ECLI:NL:RBGEL:2019:1844
Rechtbank Gelderland
- Mondelinge uitspraak
- Rechtspraak.nl
BPM-heffing en hoorplicht in belastingzaken
In deze zaak, behandeld door de Rechtbank Gelderland, is het beroep van eiser tegen de beslissing van de inspecteur van de Belastingdienst ongegrond verklaard. Eiser had op 22 december 2017 aangifte gedaan voor de belasting van personenauto's en motorrijwielen (BPM) voor een BMW 1-serie-114d, waarbij hij de afschrijving had bepaald aan de hand van een taxatierapport. De handelsinkoopwaarde van de auto was vastgesteld op € 2.294, na aftrek van schade. Eiser verzocht om een teruggaaf van onverschuldigd betaalde belasting, maar de rechtbank oordeelde dat de hoorplicht niet was geschonden. Eiser was niet verschenen op de hoorzitting en had zijn gemachtigde laten weten niet te komen. De rechtbank concludeerde dat de inspecteur voldoende had gedaan om aan de hoorplicht te voldoen.
De rechtbank behandelde ook de vraag of de BPM te hoog was vastgesteld. Eiser stelde dat de BPM moest worden verminderd op basis van het BTW-marge aspect, maar de rechtbank oordeelde dat de bewijslast bij eiser lag. Eiser had niet aangetoond dat hij teveel BPM had betaald. De rechtbank volgde de redenering van de inspecteur dat de taxateur rekening had gehouden met het BTW-marge aspect bij de taxatie.
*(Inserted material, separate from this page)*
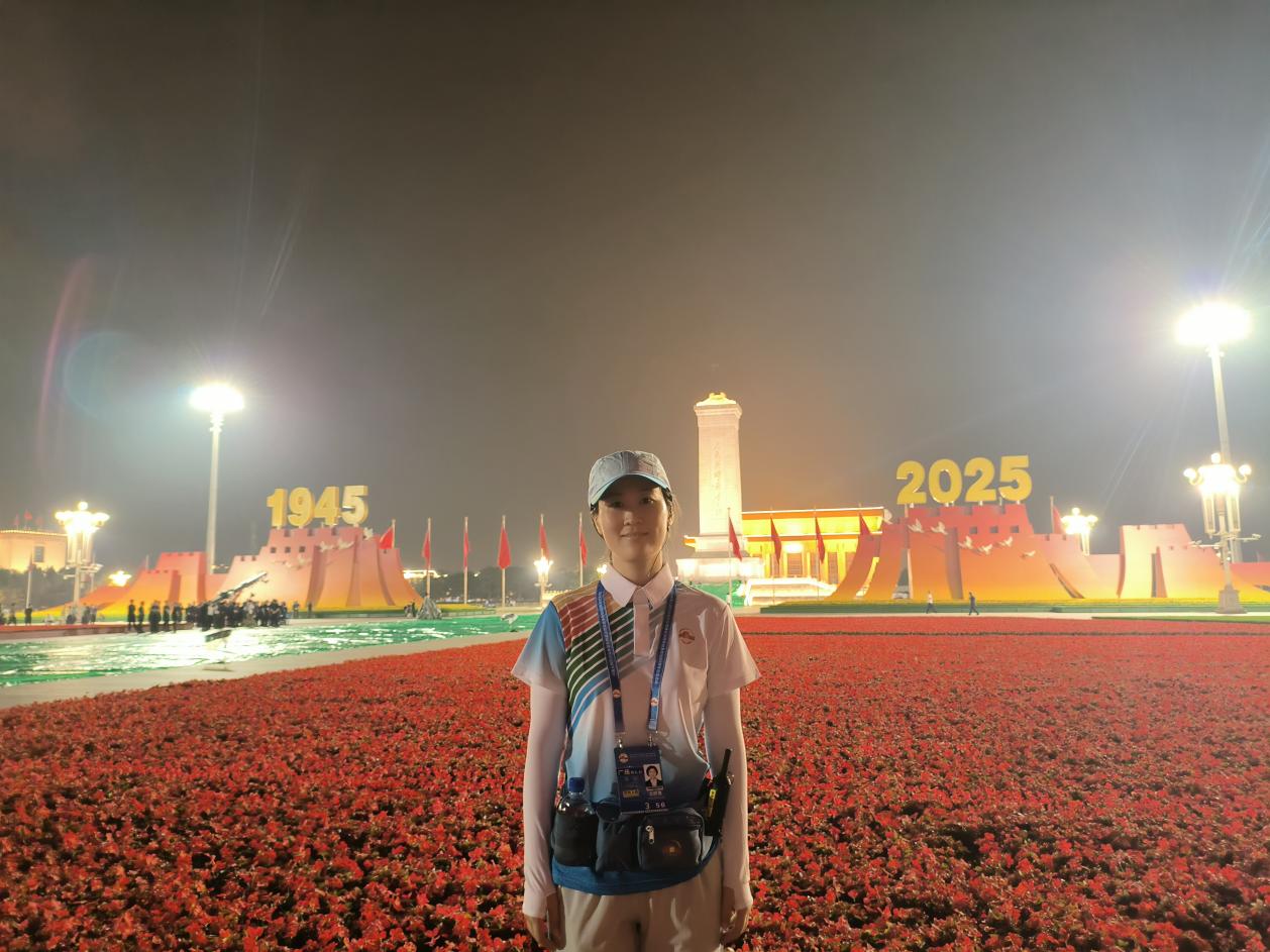 在校内,我负责志愿者整体协调、岗前培训、思想引领等工作,从流程设计到思想动员,努力为同学们筑牢服务基础、明确纪律底线。虽因任务要求,服务结束后需立即隐蔽,同学们只能在地下通道军车通行时的阵阵轰鸣声中感受庄严时刻,但每个人无怨无悔,以行动致敬历史。此次任务不仅是一次志愿服务,更是一堂深刻的“沉浸式”思政课。我们用当代青年的担当,传承不屈的民族精神;以默默无闻的坚守,告慰峥嵘岁月中的先烈。身为带队教师,我由衷为他们骄傲!我们虽隐于人海,却心向光辉——这份使命,必将长存于心。

Eiser had ook verzocht om een vermindering van de BPM op basis van vergelijking met een ex-rental auto, maar de rechtbank oordeelde dat een auto zonder verhuurverleden niet vergeleken kon worden met een ex-rental auto. De rechtbank concludeerde dat er geen aanleiding was voor een vermindering van de BPM en verklaarde het beroep ongegrond.